FYI: Planning to remove ProfileInfo and related passes from LLVM

Hello folks,

I’d like to remove all of the old and defunct profile info passes from LLVM. These have been almost entirely supplanted by the BranchProbability and BlockFrequency systems, which are actually on by default, and in use in optimization passes.

The old system is not on, and hasn’t been touched in years except to do minor build fixes and updates.

As far as I’m aware, the only thing the old system supported which the new one does not is loading profile data. However, it didn’t support doing anything useful with that data once loaded, and has seen essentially zero testing on mainline over the past two years, so I think its time to let go of this pile of code.

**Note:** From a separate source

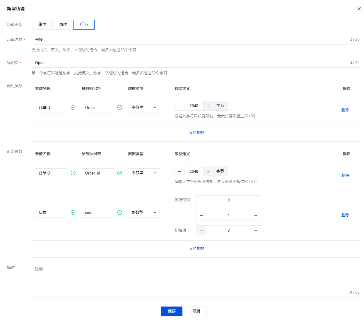 2. 在功能名称录入对应的行为名称,然后定义相关参数。请求参数需要由用户定义,返回参数是设备侧执行完之后上报到物联网开发平台的参数。
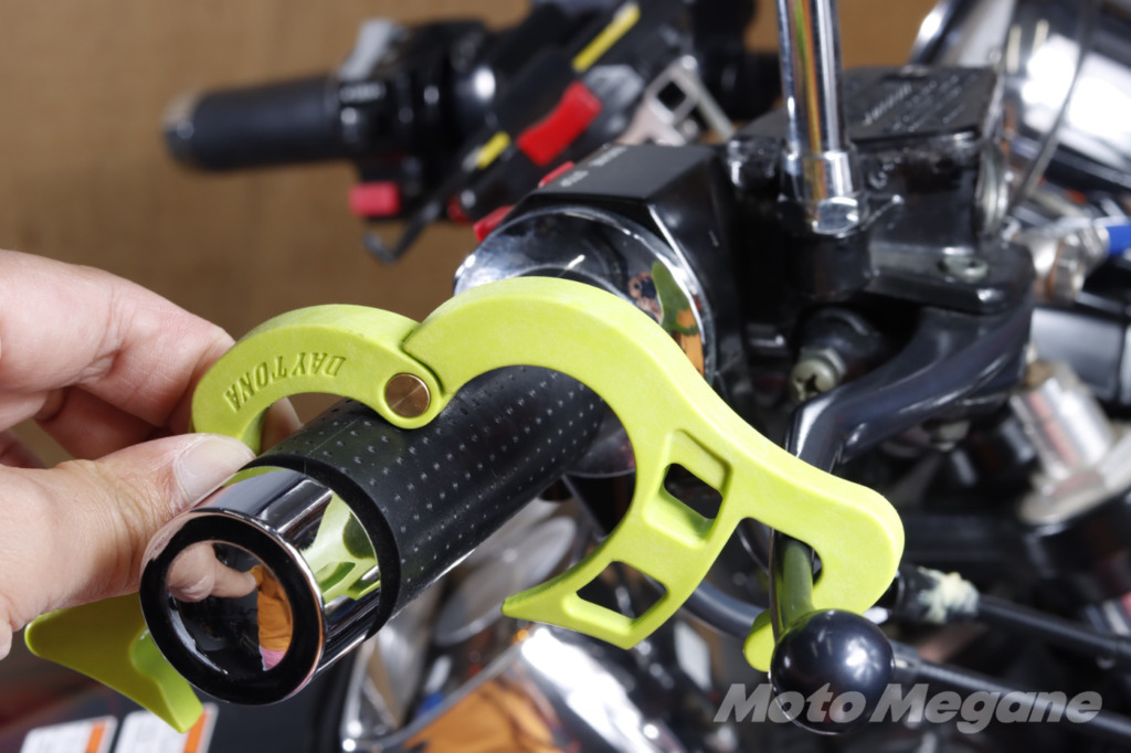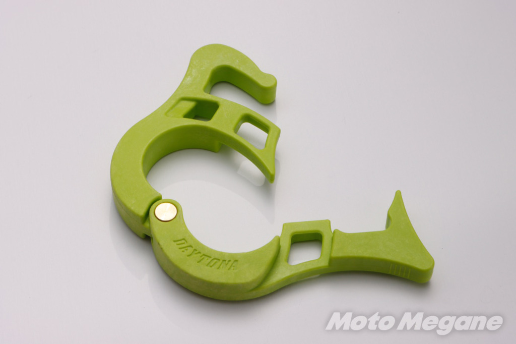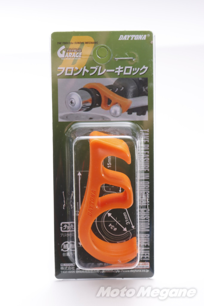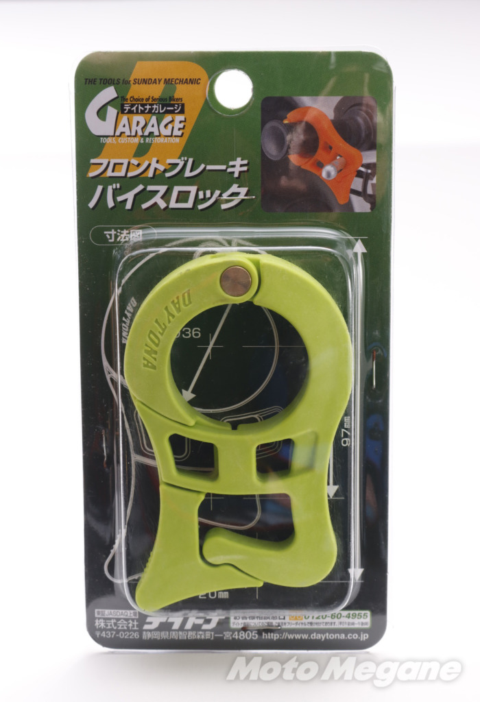 ともに、フロントブレーキを握ったまま保持してくれる商品。使いたい場面は、日常の駐車、傾斜地の駐車時からバイクにレーシングスタンドをかけた時の転倒防止、トランポ輸送の際の安定性の向上など様々な場面で有効である。

I’m planning to nuke it right away and I can resurrect it if someone actually steps forward with a use case (and an offer to maintain and support it, preferably integrating it w/ the above two systems).
-Chandler

Sounds fine to me, please remove profile.pl if it is still around and update any docs that reference it. Thanks!

-Chris

+1 for ripping out ProfileInfo, it is obsoleted by BranchProbababilty/Frequency. Even the profile info loader can go away, it would need a rewrite for the new infrastructure and isn't a big piece of code.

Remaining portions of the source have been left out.